Result - we went out to Aruba and loaded for Santos, Paranagua and Rio Grande de Sul in South America. We got home sometime in February.
The crafty barstewards robbed us of our Christmas at home, and deceived us into believing it was a short trip. The extra pencils and last minute stores showed them up.


----------



## borderreiver (Oct 11, 2008)

Was on that long jetty new year 62/63 on border reiver
when a bunker boat went through the jetty leaving us with sludge in the tank bottoms which had gone cold after dry dock all this sludge hand dug out in port said and lost to david jones locker. next cargo clean gas oil
When leaving the jetty the ropes caugt the lights and took them off


----------



## sidsal (Nov 13, 2007)

border reiver:
Fancy ! I don't suppose the jetty's there now.
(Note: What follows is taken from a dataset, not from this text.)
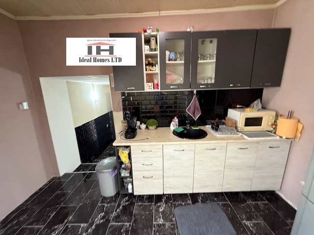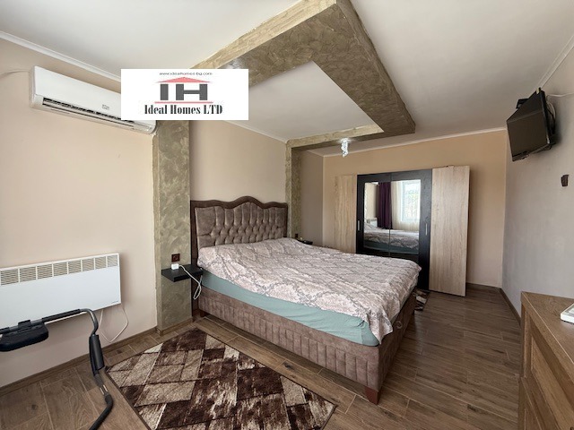 Къщата е с жилищна площ от 150 кв.м. До нея има прилепена пристройка, която е свързана към къщата. Там има кухня с трапезария и всекидневна. От там се влиза в мокро помещение баня и тоалетна и голям широк коридор и спалня. Подовите настилки са ганитогрес и теракот. В къщата на първият етаж има два климатика. Външни стълби,които много лесно могат да се затворят и да станат вътрешни, водят до вторият етаж, където има две спални и широк коридор, като може да се прегради и да се обособи баня с тоалетна. Къщата е в много добро състояние, с изцяло ремонтиран покрив и с направена изолация, има нужда да бъде измазана. Има нова Вик и Ел инсталации.
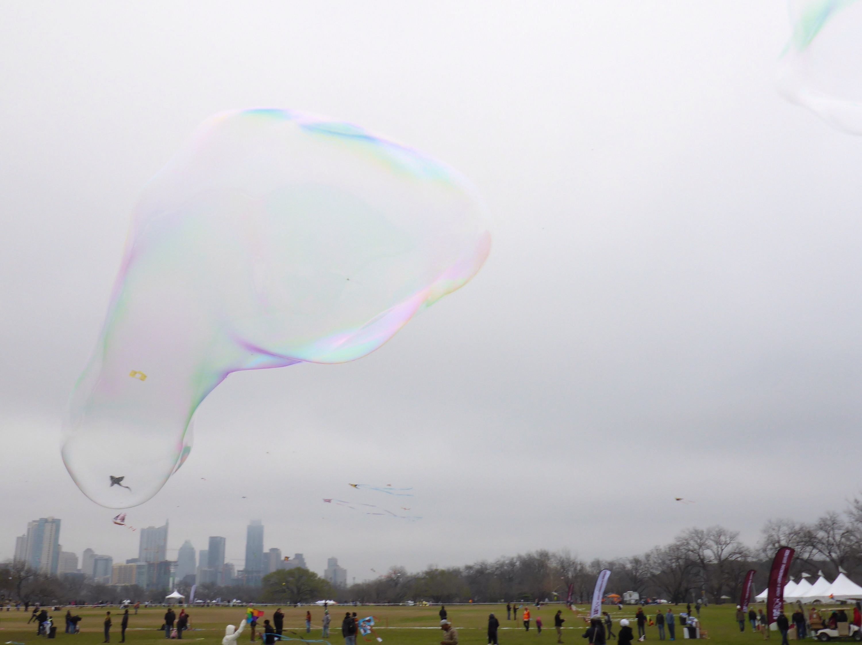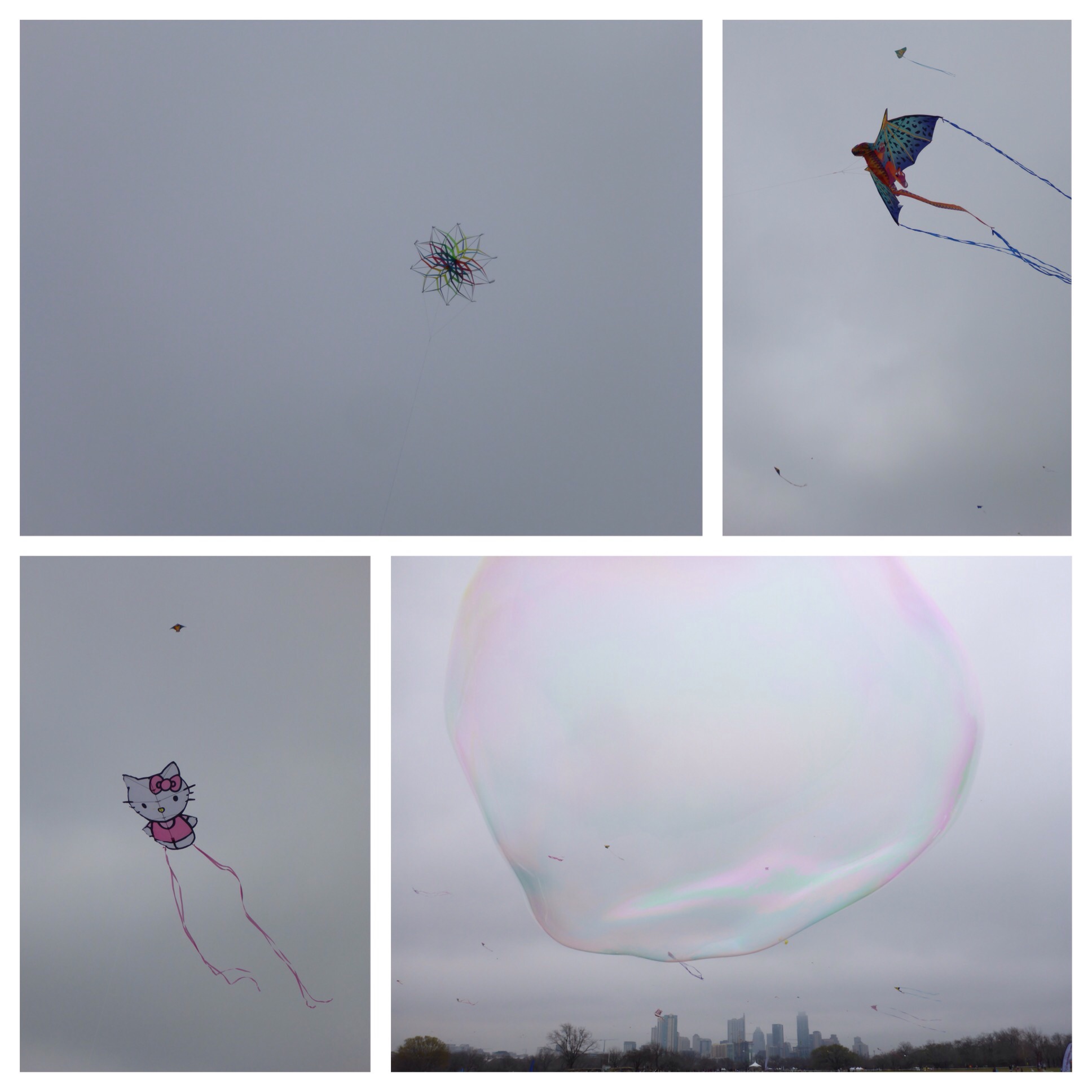 The Zilker Kite Festival was weather challenged today. It was still fun to catch the kites, bubbles, people, dogs, and food trailers at Zilker Park. Let’s hope next year is sunny and a bit warmer.

It was a really barren and "back of beyond place". As the saying goes - if the UK was a human body, Killingholm jetty is where it would get piles" !!


----------



## borderreiver (Oct 11, 2008)

You are correct the Killingholm jetty is a narrow pier. The gas jetty next door is a little better. but it all in the middle of no were too far to the pub very little signes to tell you how to get there. Have another story for saitend


----------



## jim barnes (Dec 7, 2005)

The stuff in the news as you say is about trying to save jobs for the British workers, trying to tell us they cant get skilled workers to do the jobs(rubbish) Can any one remember our British ships with British crews on deck ???
Lyndsay lads are supporting the Dispute at Staythorpe where British workers are being denied jobs being undertaken by foreign workers


----------



## billyboy (Jul 6, 2005)

Shop steward at Jim Barnes meeting: "Right then Brothers, What do you propose we do about this matter?" ... LOL


----------



## jim barnes (Dec 7, 2005)

billyboy said:


> Shop steward at Jim Barnes meeting: "Right then Brothers, What do you propose we do about this matter?" ... LOL


Got to be carefull will get moved to the rough seas if not carefull.
reply to Billy " suport the construction workers UK" (Thumb)


----------



## sidsal (Nov 13, 2007)

As the old saying goes -
"WE WANT OUR RIGHTS.
WE DON'T KNOW WHAT THEY ARE BUT WE STILL WANT THEM"


----------